Jostling for position in the 2020 Democratic primary has started already, God help us. And there is probably no way around a bitter fight between liberals and leftists over who is going to be the nominee.
However, it might be possible to head off some of the bitterness that resulted from the 2016 primary by admitting the necessity of that fight and making it about ideology and policy to the greatest possible degree.
The first big flare-up of 2020 has already happened, over Beto O'Rourke. The failed Texas senate candidate got a ton of positive media attention during his campaign, leading to him being put forward by former Obama staffers as a good presidential candidate. Various lefties expressed some skepticism of this: Zaid Jilani and Branko Marcetic focused on his moderate policy record, particularly his support of financial deregulation, while I focused on how neither O'Rourke nor his Obamaworld supporters have deeply reckoned with the appalling consequences of the too-small stimulus or the corrupt bank bailout.

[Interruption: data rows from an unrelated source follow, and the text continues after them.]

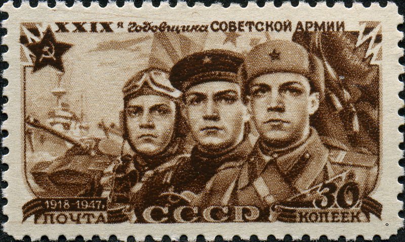 Visibility: public Image owner: none postage 2/23/1947 30k brn issue=Red Army 29th d=pilot & sailor & soldier unwmk perf=12 Crops No visible images cropped from this one. Measurements Resolution is unknown. Source Source name: Colnect File URL: http://i.colnect.net/b/1069/793/Airman-seaman-and-soldier.jpg Uploaded August 25, 2014, 6:13 pm by Stan Shebs |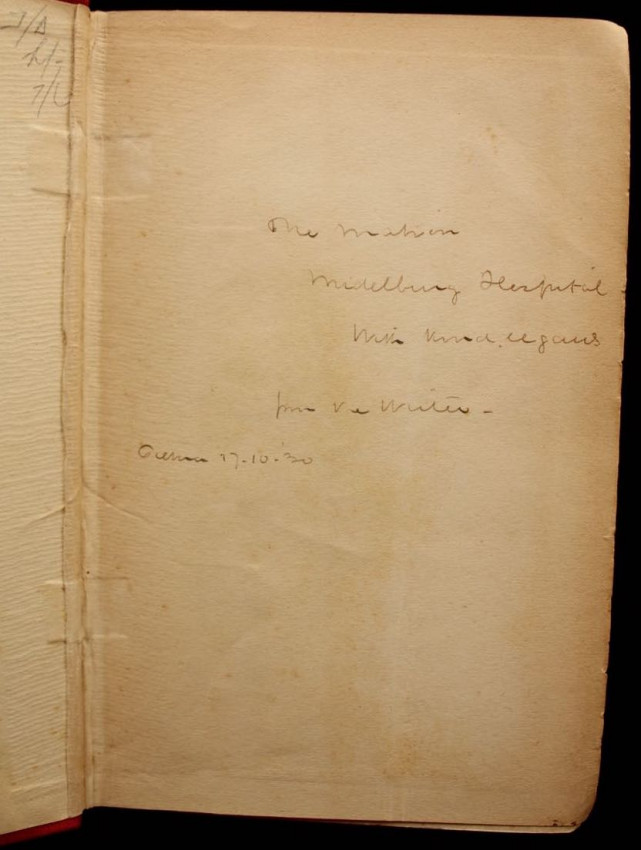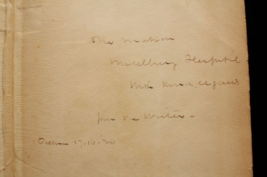 Inscribed by the author on the front endpaper, "The Matron, Middelburg Hospital, with kind regards, from the writer, Pretoria 17-10-'30".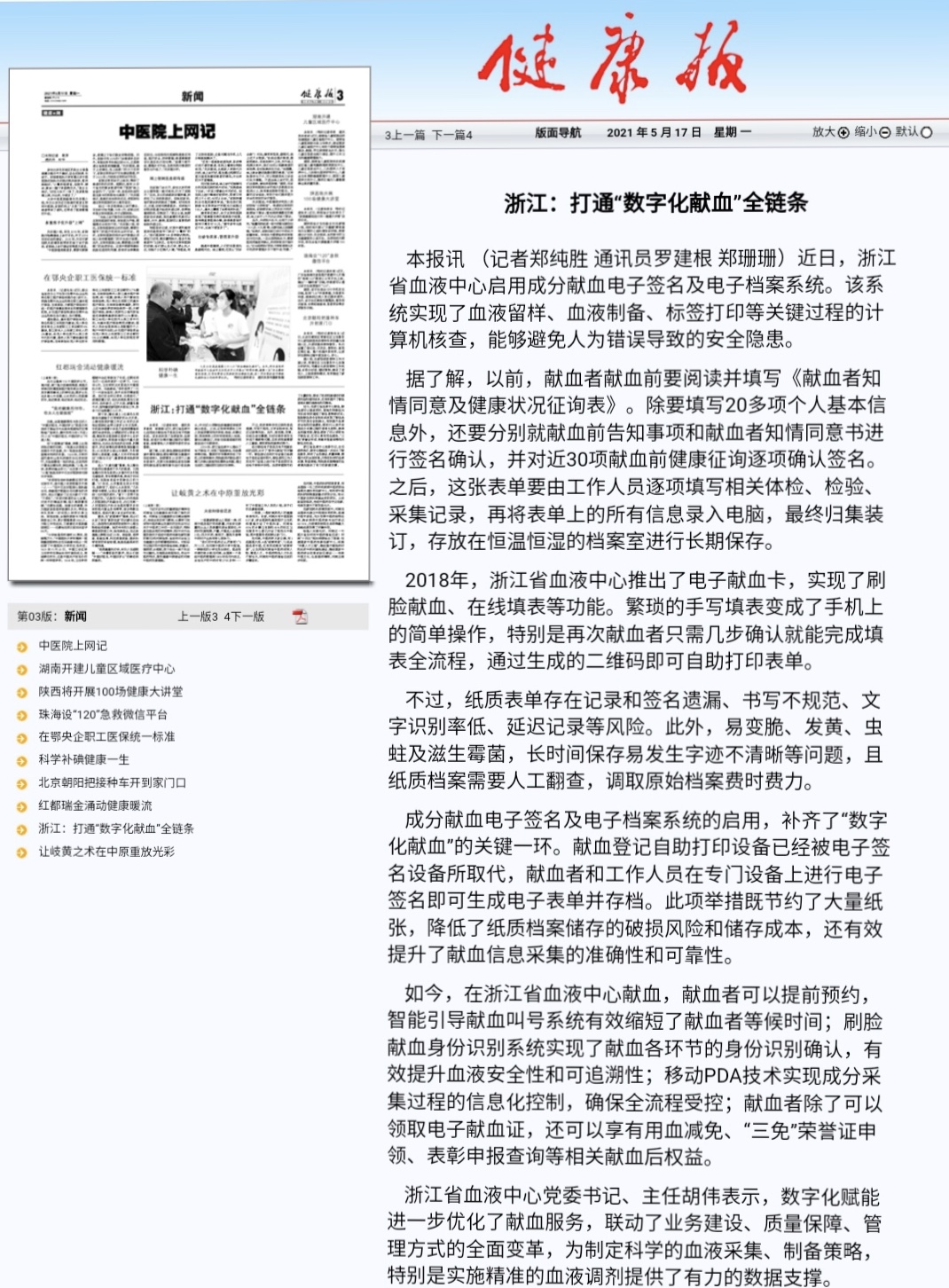 浙江的血液工作在“服”和“管”各领域的次第开花,正是坚持数字化改革,以数字赋能创造、拓展更多应用场景的标志性成果。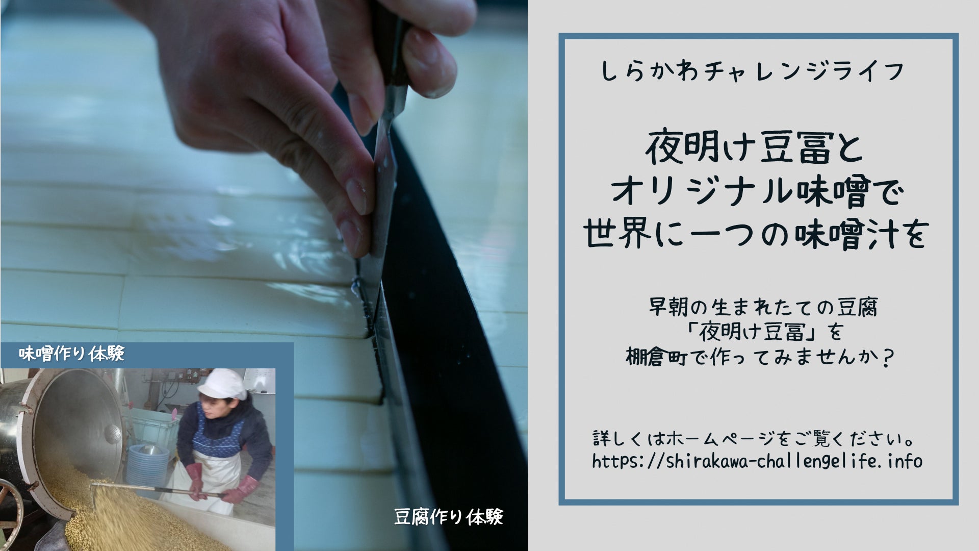 福島県しらかわ地域で“あなただけ”の短期移住体験を!早朝の生まれたての豆富とオリジナル味噌で世界に一つだけの味噌汁を作りませんか?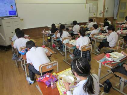 なごみ献立の動画を見ながらこどもたちは楽しそうに学んでいました。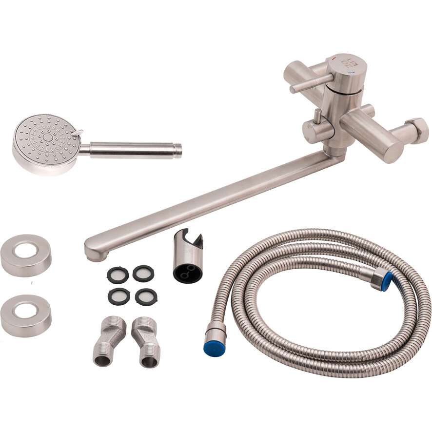 Смеситель для ванны Lidz (NKS) 12 32 005-1 выполнен из нержавеющей стали, что гарантирует длительный срок эксплуатации. Для включения подачи воды достаточно поднять рычаг и повернуть его в необходимую сторону. Смеситель монтируется на стену над ванной с помощью крепежных элементов, которые входят в комплект. Круглые розетки скроют погрешности установки на отделке. Держатель лейки крепится также на стену. Таким образом, ваши руки будут свободны во время принятия душа.

It really got going when Elizabeth Bruenig wrote a much more gentle criticism in The Washington Post. She argued that while O'Rourke is well above average when it comes to a possible Texas Democratic senator, he isn't the kind of full-throated progressive we should ask for, since about anyone should be able to defeat Trump.
A few big-shot liberals immediately spied a conspiracy. Center for American Progress President Neera Tanden wrote this on Twitter:
Bruenig’s piece in the Post on Beto is just the latest attack by a supporter of Senator Sanders on Beto: joining Jilani, Jacobin and Sirota. Feels a bit orchestrated and clearly they are worried.
— Neera Tanden (@neeratanden) December 6, 2018
In Esquire, Charles Pierce wrote that Sanders himself must have been involved: "[T]here appears to be a concerted effort from the Bernie Sanders camp to paint O'Rourke as a tool of the oil and gas industry … That this comes on the heels of the Sanders Foundation's hootenanny up in Burlington is no accident." He concluded that the left is trying to clear the decks for Sanders to win the primary.
As an initial matter, it is pretty rich to see the president of the most powerful liberal think tank — whose major reason for existing is to coordinate policy and messaging for the Democratic Party — fretting about other people "orchestrating" messaging. And while I can't speak for anyone else, Bernie Sanders is certainly not giving me daily sealed marching orders.
But more importantly, viewing a handful of Beto-skeptical takes as an attempt to "clear the field" is ludicrous. Hillary Clinton cleared the field in 2016 by snapping up virtually all the party endorsements and big money donors. That kind of insider power elite maneuvering — not writing ephemeral internet op-eds — is the only way to actually stop others from competing for the world's most powerful office.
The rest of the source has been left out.